'We Will Rock You' opens national tour at Baltimore's Hippodrome

Queen guitarist Brian May during guest appearance on opening night of 'We Will Rock You'
(Lori Sears)

There's a straightforward, high-octane jukebox musical screaming 'I want to break free' from 'We Will Rock You,' the overstuffed, more or less entertaining tribute to the famed band Queen that opened its North American tour at the Hippodrome Tuesday night.

The show, which started out 11 years ago in London and is still running strong there, painstakingly weaves two dozen songs through a sci-fi scenario that makes the plots of ABBA-fueled "Mamma Mia" or heavy metal salute "Rock of Ages" seem downright Shakespearean by comparison.


There's enough fun stuff in Ben Elton's script to generate a neat little 75- or 90-minute romp. But "We Will Rock You" goes on for two acts and, counting intermission, burns up something like two and a half hours — nearly three on opening night, when Queen guitarist Brian May made a guest appearance at the end and played up a storm.

If only a ruthless editor could be brought in to gun for the more repetitive or sophomoric jokes, the silliest characters, the most pointless story angles. Then everything could just tightly focus on the real reason for this thing — a celebration of Queen, a band that lit up the scene until lead singer Freddie Mercury died of AIDS in 1991.


That music is certainly worth the homage. At its best, Queen created ear-grabbing songs that boast inventive melodic flights and sly harmonic shifts, whether spinning cool retro riffs in "Crazy Little Thing Called Love" or holding up a sobering mirror-version of "Somewhere" from "West Side Story" in "Who Wants to Live Forever" ("There's no time for us, there's no place for us ...").

The new "We Will Rock You" production has some fearless singers capable of tracing the melodic peaks scaled by Mercury. And there's a hot band that churns out the energy with unflagging flair. Die-hard fans of the original are not likely to be disappointed at the recreations.

(As two of the show's music supervisors, May and Queen drummer Roger Taylor have ensured stylistic faithfulness. They both shared onstage bows with Elton on opening night).

The 2002 script has been revised for the North American tour, taking out some British-isms, tweaking some characters, and squeezing in such topical references as twerking.

Elton, who mined Queen lyrics for many names and references, sets the show in a time far into the future. Earth has been relabeled iPlanet and the lives of all young people, known as Ga Ga Kids, are controlled by giga-corporation Globalsoft and its ruler Killer Queen.

The kids can listen only to preselected, officially approved music, which pretty much boils down to what is called Computer Recorded Auto-tuned Pop (note the acronym, one of Elton's best zingers).

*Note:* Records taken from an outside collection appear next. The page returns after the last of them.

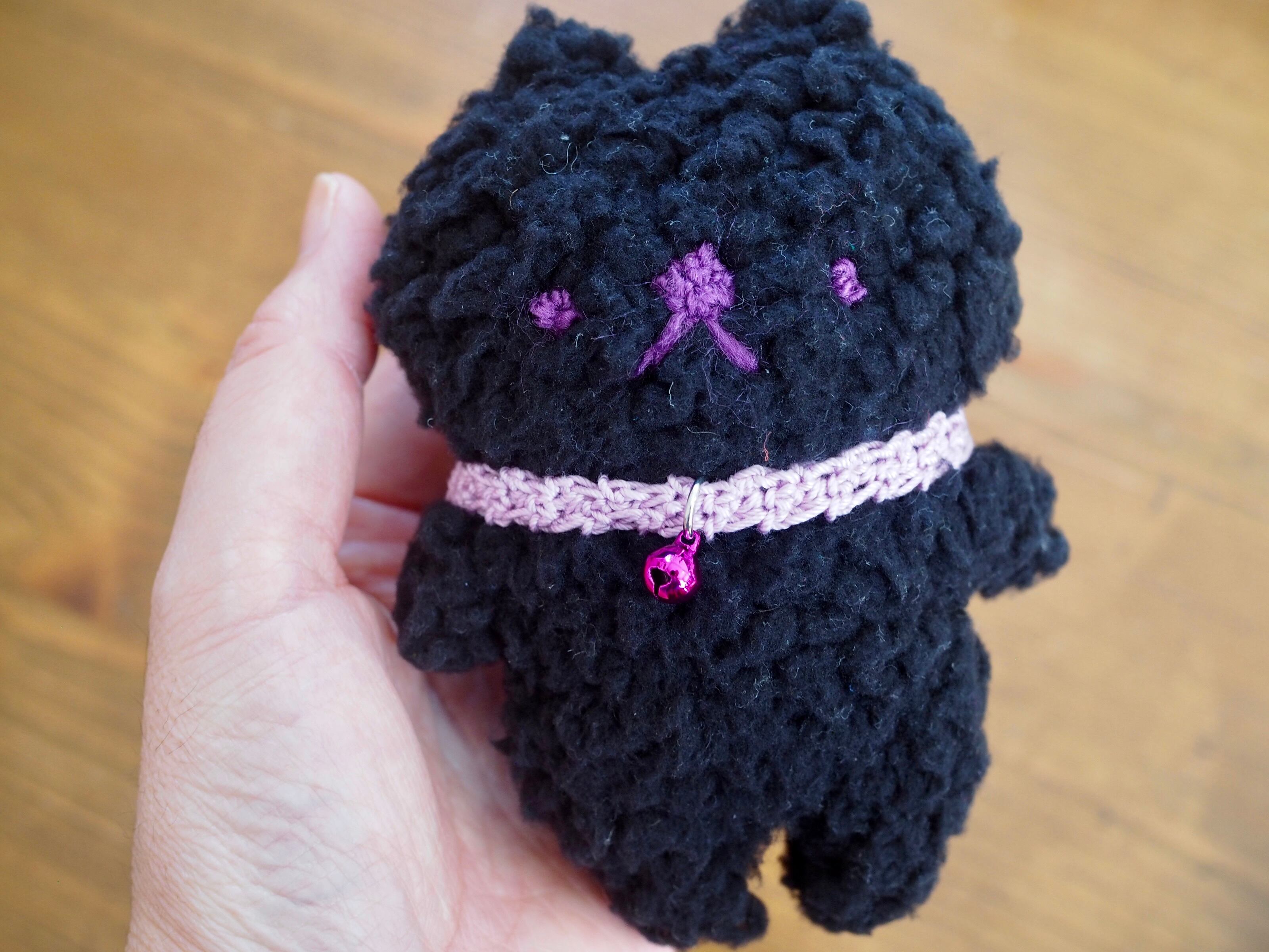 首輪は淡い紫色、鈴が鮮やかな赤紫、目鼻はむらさき色の糸を使用しています。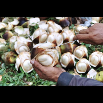 | คำอธิบาย : การสาธิตเฉาะเม็ดตาล จากผลตาลอ่อนที่เพิ่งเก็บมาจากต้นใหม่ๆ |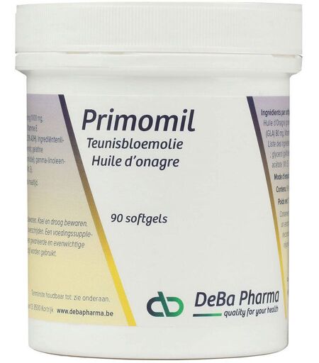 Complément alimentaire à utiliser dans le cadre d'une alimentation variée, équilibrée et d'un mode de vie sain.Primomil de Deba Pharma est un complément alimentaire à base d'huile onagre riche en oméga 6.Aide en cas d’acné et d’eczéma et soutient le cœur et les vaisseaux sanguinsAtténue les douleurs menstruelles et les symptômes de la ménopauseContribue à un poids normalAtténue les crampes, les flatulences et la diarrhéeComposition :huile d'onagre (oenothera biennis), gelatine (capsule), glycérol (gélifiant), acide gamma-linolénique (GLA), dl-alphatocophérol acétate (vitamine E)Valeur nutritionnelle : Par softgelAJR*Huile d'onagre (8 % GLA)1 000 mg-Vitamine E10 mg83,33 %* AJR = Apports journaliers recommandésConseils d'utilisation :1 à 3 softgels par jour avant les repas ou comme prescrit.Précautions d'emploi :Ne pas dépasser la dose journalière recommandée. Tenir hors de portée des enfants.Poids net :126 g = 90 softgelsFabricant :Deba PharmaDumolinlaan 13B-8500 KortriBelgique ...

They cannot make their own music; instruments are forbidden. In this weird world, rock 'n' roll no longer exists.

But a group of misfits, known as Bohemians, rhapsodize about the ancient art form, which they learn a little about from tantalizing artifacts found in the crumbling remains of something called the Hard Rock Cafe. (Can you spell "product placement," boys and girls?)

A dreamer calling himself Galileo Figaro, who spouts lines of vintage rock lyrics that mysteriously pop into his head, meets an equally nonconformist young woman he dubs Scaramouche. They team up with the Bohemians, determined to discover the meaning of rock and restore its glory.

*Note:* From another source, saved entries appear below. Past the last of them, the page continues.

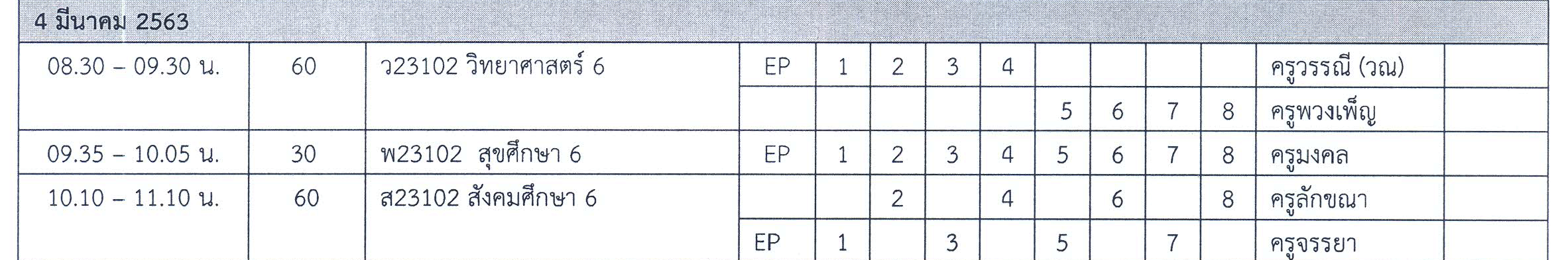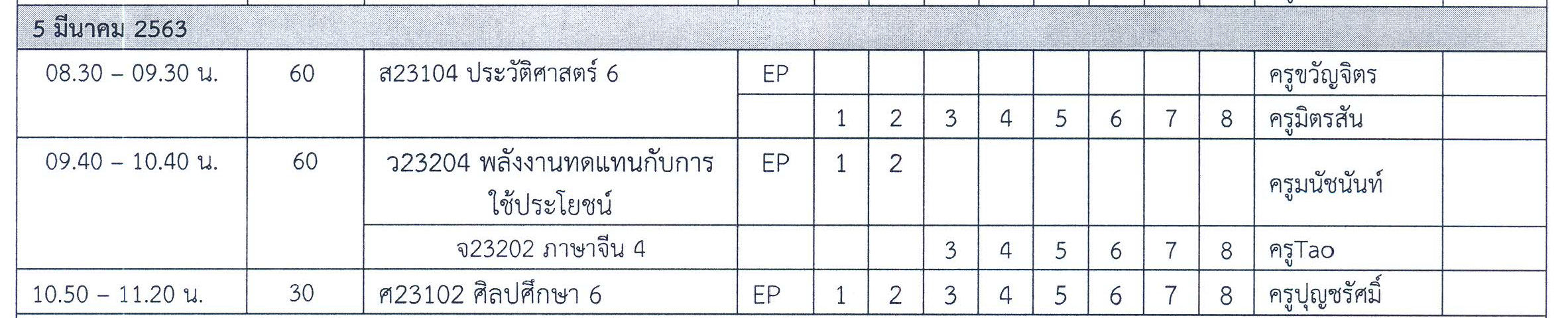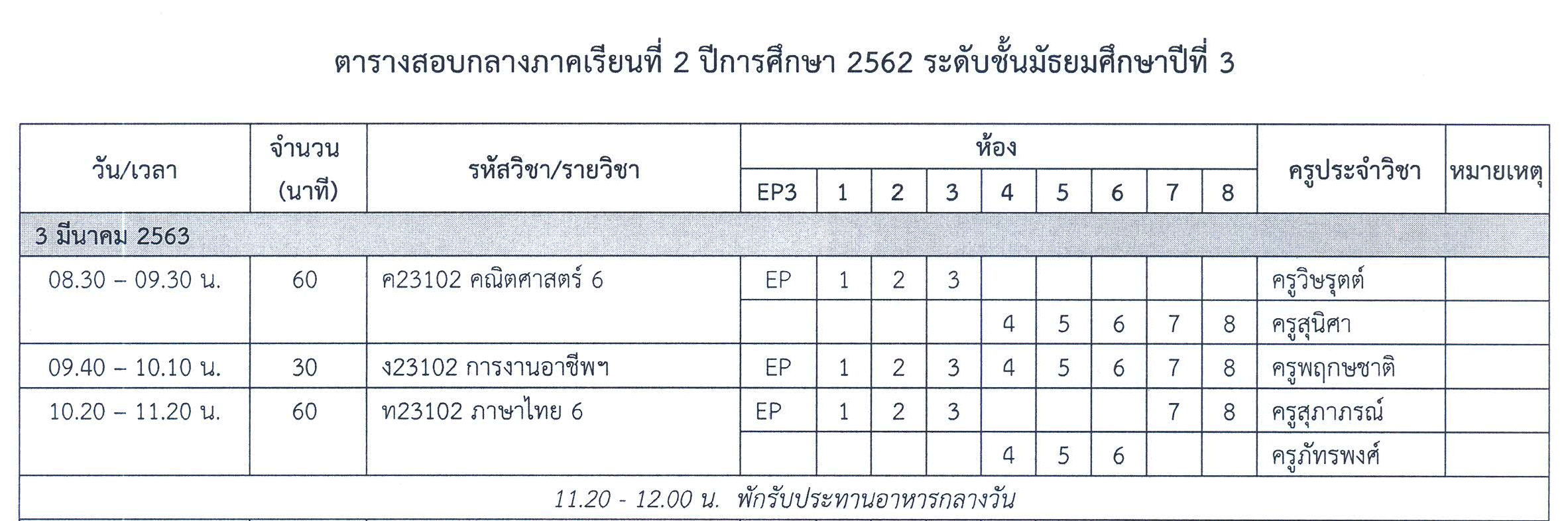 สำหรับตารางสอบปลายภาคเรียน ม.3 ภาคเรียนที่ 2 ปีการศึกษา 2562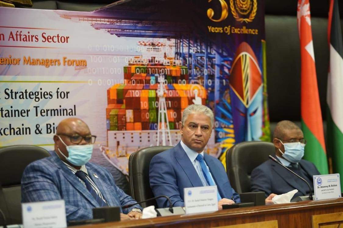 وأشار ” بلبع ” إلي ان المنتدي استمر لمدة خمسة أيام مابين متحدثين من دول اليابان اليونان وايضا خبراء من الصناعة بمصر وخبراء من الاكاديمية العربية للعلوم والتكنولوجيا والنقل البحري، وكانت المناقشات به ثرية ثراء متميز، حيث تبادل الحاضرين للمنتدى من الدول الافريقية المشاركة والذي وصل عددها الي 13 دولة باجمالي 26 مشارك في المناقشات بالاضافة الى مجموعات العمل، والتي من خلالها طرحوا التحديات التي تواجه دولهم في الموضوعات التي تم مناقشتها اثناء المنتدي في مجال استخدام block chain and big data خاصة بعد ماستمعوا من الخبراء في كيفية تطبيق تلك المفاهيم في مجال النقل وبالتحديد في المواني بأنواعها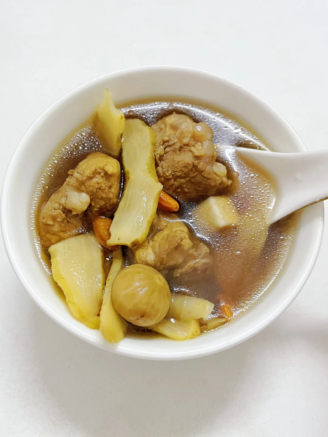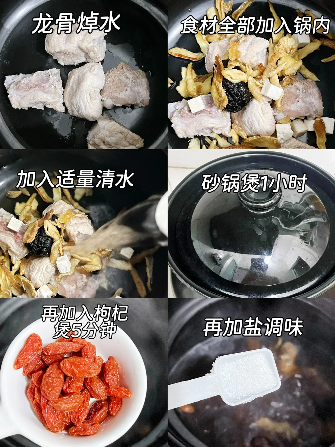 1. 龙骨冷水下锅,焯水2分钟(撇沫),捞出冲净;

If you're still awake after reading that synopsis, you will have no trouble hanging on during "We Will Rock You." You might even find the most cliched and tiresome characters good company. But partway through Act 2, everyone onstage forgets all about the plot and just starts rockin'.

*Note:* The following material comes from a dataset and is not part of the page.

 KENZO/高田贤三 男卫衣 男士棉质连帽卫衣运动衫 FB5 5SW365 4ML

Originally designed by Mark Fisher and enhanced with vivid lighting and video, the production offers plenty of visual distraction and provides for smooth scene changes. Tim Goodchild's costume designs jump out with shades of Max Headroom, Devo and goth-punk; the outfits for Killer Queen and her splashy minions are practically Bob Mackie-avellian.

The cast, directed with a mostly propulsive touch by Elton, features Brian Justin Crum as Galileo. He has the deadpan sincerity for the role, but his singing could use more distinctive color and nuance.

Ruby Lewis gives a smart, funny performance as Scaramouche, the cynical rebel with no patience for Facebook friends ("I gave up after I reached 10 million"), and no hesitation about thwarting authorities. Lewis also offers abundant vocal personality; her searing vocalism is one of the production's best assets.


Ryan Knowles is another, nearly stealing the show with his comic sparks as Buddy, a fuzzy-headed Bohemian whose exploration of ancient cultural history needs a pronunciation guide (Buddy says "vie-day-oh" for "video").

Jacqueline B. Arnold has the vocal chops and the attitude to leave a sizable mark as Killer Queen. There are generally effective efforts from the rest of the supporting cast and chorus.

All of the theatrical padding, not to mention the often effortful attempts at humor and irony, can get in the way of what is really an extended, affectionate concert. But the songs triumph in the end and, judging by opening night, still have the power to ignite an audience. Queen's reign is far from over.